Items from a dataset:

—————

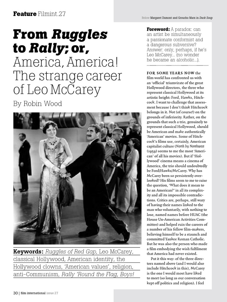 McCarey’s apparent conformity with ‘American values’ the greatest, if largely unacknowledged, in the history of
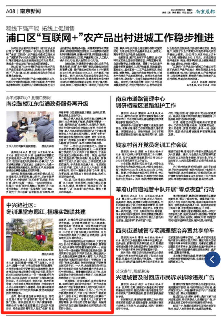 近日,《南京晨报》报道了麻豆社 联合雨花台区梅山街道中兴路社区开展“传承红色基因,争当绿色使者”劳动教育主题冬训活动。本次活动利用一年一度的植树节开展志愿服务,有效推动党建带团建深入基层,为大学生党员、团员提供参与基层实践的机会。学院团委书记李萍、本科生联合党支部书记彭欢、学生党员代表团员代表及中兴路社区党员代表参与了本次活动。
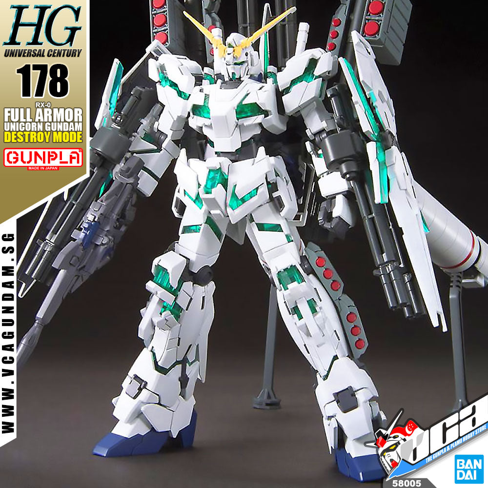 You absolutely do not want to get the Full Armor Unicorn Gundam in Destroy Mode angry at you! It comes with enough armaments to outfit a small army: two hyper bazookas, the Beam Magnum, four Beam Sabers, two Beam Saber blades, two anti-ship missles, two grenade launchers, four six-part hand grenades, six Beam Gatling Guns, its shield in stored state and three expanded sheilds, two large boosters, a rifle handle, and two gripping hands. Whew! It's posable after assembly, and comes with foil stickers for markings; instructions are illustrated. Don't miss out on this ferocious beast!
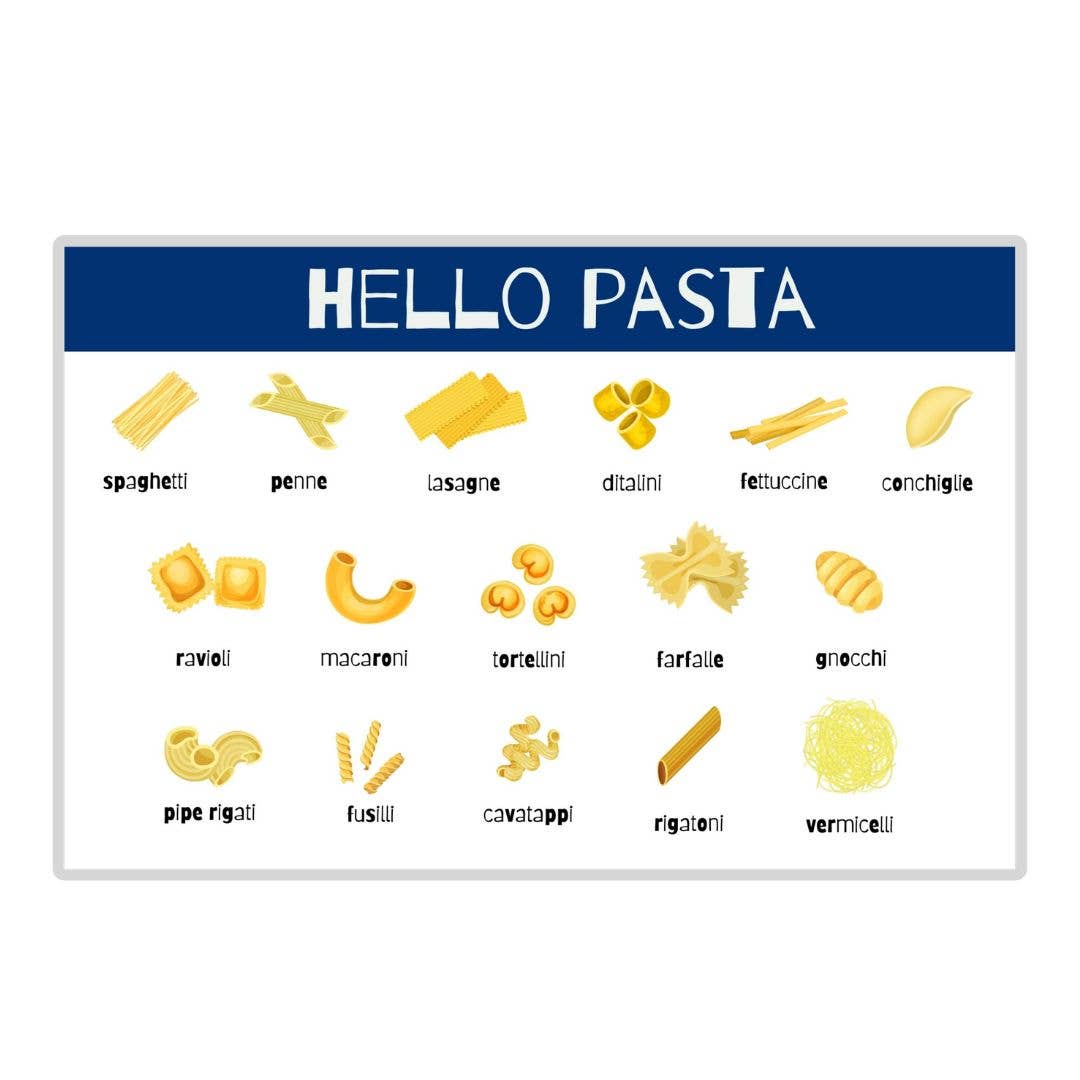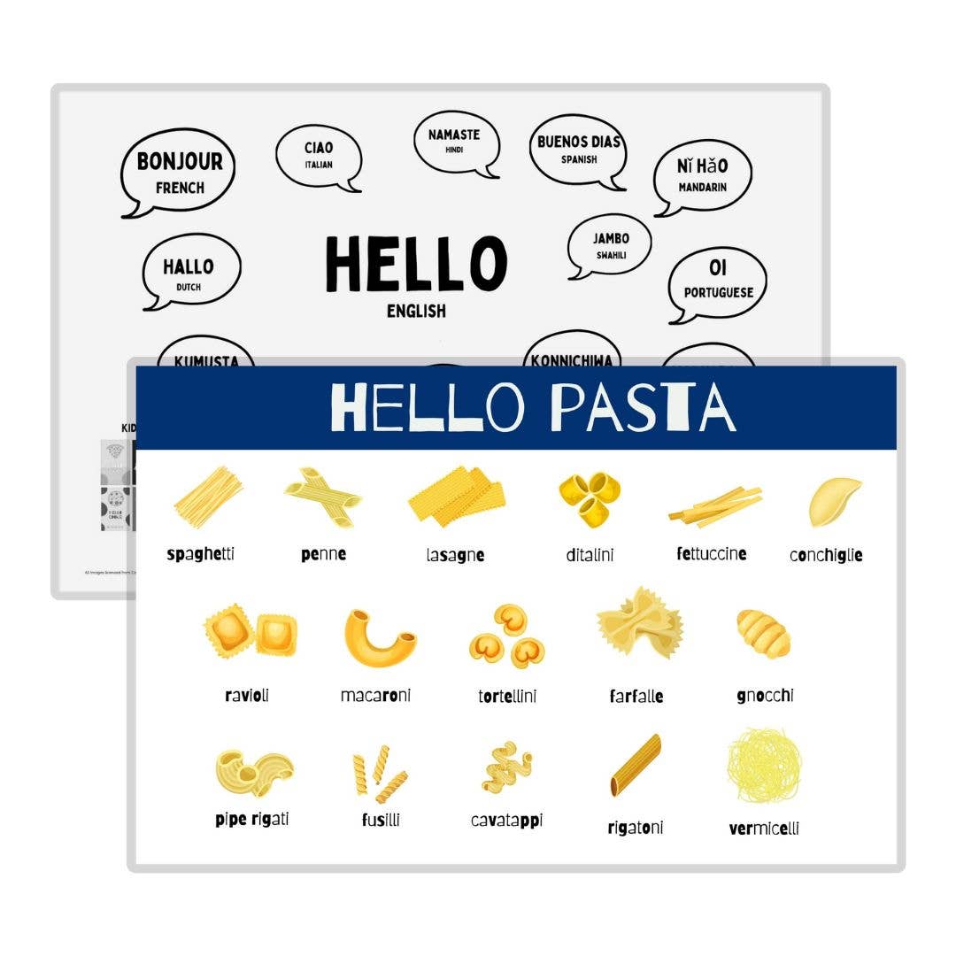 Fun, educational double-sided pasta placemat! Kids can explore types of pasta and learn greetings from around the world.
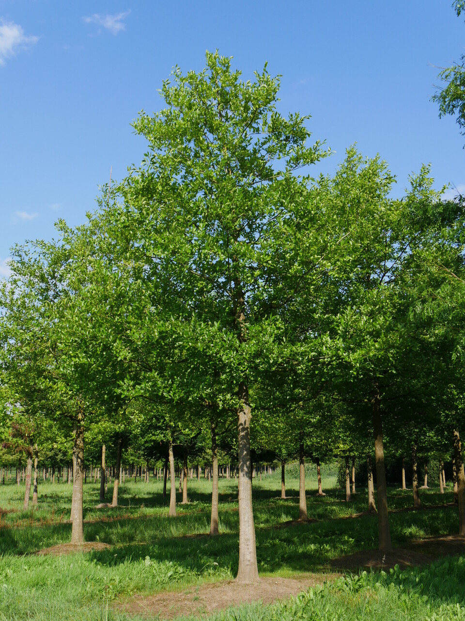 Fast growing, large tree with a fairly loose, umbel-shaped crown. The long, projecting and overhanging first-year twigs give the tree an elegant appearance. The twigs are dark brown, turning grey later. The leaves vary in shape from ovate to elliptical or obovate. The leaf’s underside has yellow to orange-yellow hairs, sometimes only on the veins. The inconspicuous flowers are followed by purple to orange, round drupes. Prefers warm summers. Prefers well-drained soil. Can tolerate drought and air pollution.
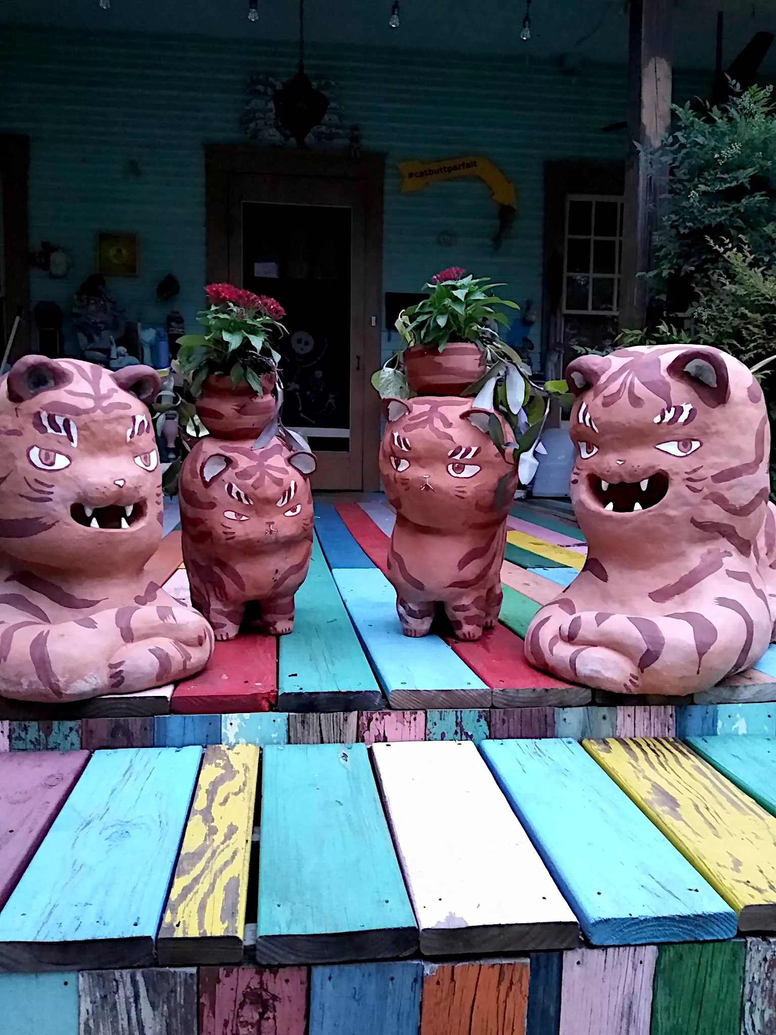 Scott is particularly excited about Mylan Nguyen’s quirky ceramic pieces, which take over the porch.
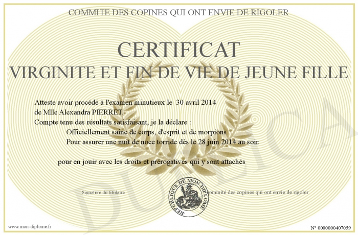Envoyez par email votre Certificat virginité et fin de vie de jeune fille personalisé
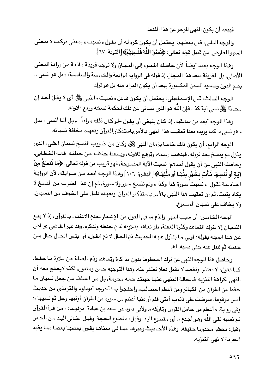 الوجه الرابع: أن يكون ذلك خاصًا بزمان النبي صلى الله عليه وسلم، وكان من ضروب النسخ نسيان الشيء الذي ينزل ثم ينسخ بعد نزوله، فيذهب رسمه، وترفع تلاوته، ويسقط حفظه عن حملته. قاله الخطابي. وحاصله النهي عن أن يقول أحدهم: نسيت الآية المنسوخة، فهو قريب من قوله تعالى: {ما ننسخ من آية أو ننسها نأت بخير منها أو مثلها} [البقرة: 106] وهذا الوجه أبعد من سوابقه، لأن الرواية السادسة تقول: "نسيت سورة كذا وكذا" ولم تنسخ سور ولا سورة، ثم إن هذا الضرب من النسخ لا يكاد يثبت، ثم إن تعقيب هذا النهي بالأمر باستذكار القرآن وتعهده دليل على الخوف من النسيان، ولا يخاف على نسيان المنسوخ.

—————

[TASK]:
Restate the lines of the records exactly, starting at the first and stopping after the line with "You absolutely do". Leave out any picture.

[WRITTEN RESPONSE]:
 McCarey’s apparent conformity with ‘American values’ the greatest, if largely unacknowledged, in the history of
 近日,《南京晨报》报道了麻豆社 联合雨花台区梅山街道中兴路社区开展“传承红色基因,争当绿色使者”劳动教育主题冬训活动。本次活动利用一年一度的植树节开展志愿服务,有效推动党建带团建深入基层,为大学生党员、团员提供参与基层实践的机会。学院团委书记李萍、本科生联合党支部书记彭欢、学生党员代表团员代表及中兴路社区党员代表参与了本次活动。
 You absolutely do not want to get the Full Armor Unicorn Gundam in Destroy Mode angry at you! It comes with enough armaments to outfit a small army: two hyper bazookas, the Beam Magnum, four Beam Sabers, two Beam Saber blades, two anti-ship missles, two grenade launchers, four six-part hand grenades, six Beam Gatling Guns, its shield in stored state and three expanded sheilds, two large boosters, a rifle handle, and two gripping hands. Whew! It's posable after assembly, and comes with foil stickers for markings; instructions are illustrated. Don't miss out on this ferocious beast!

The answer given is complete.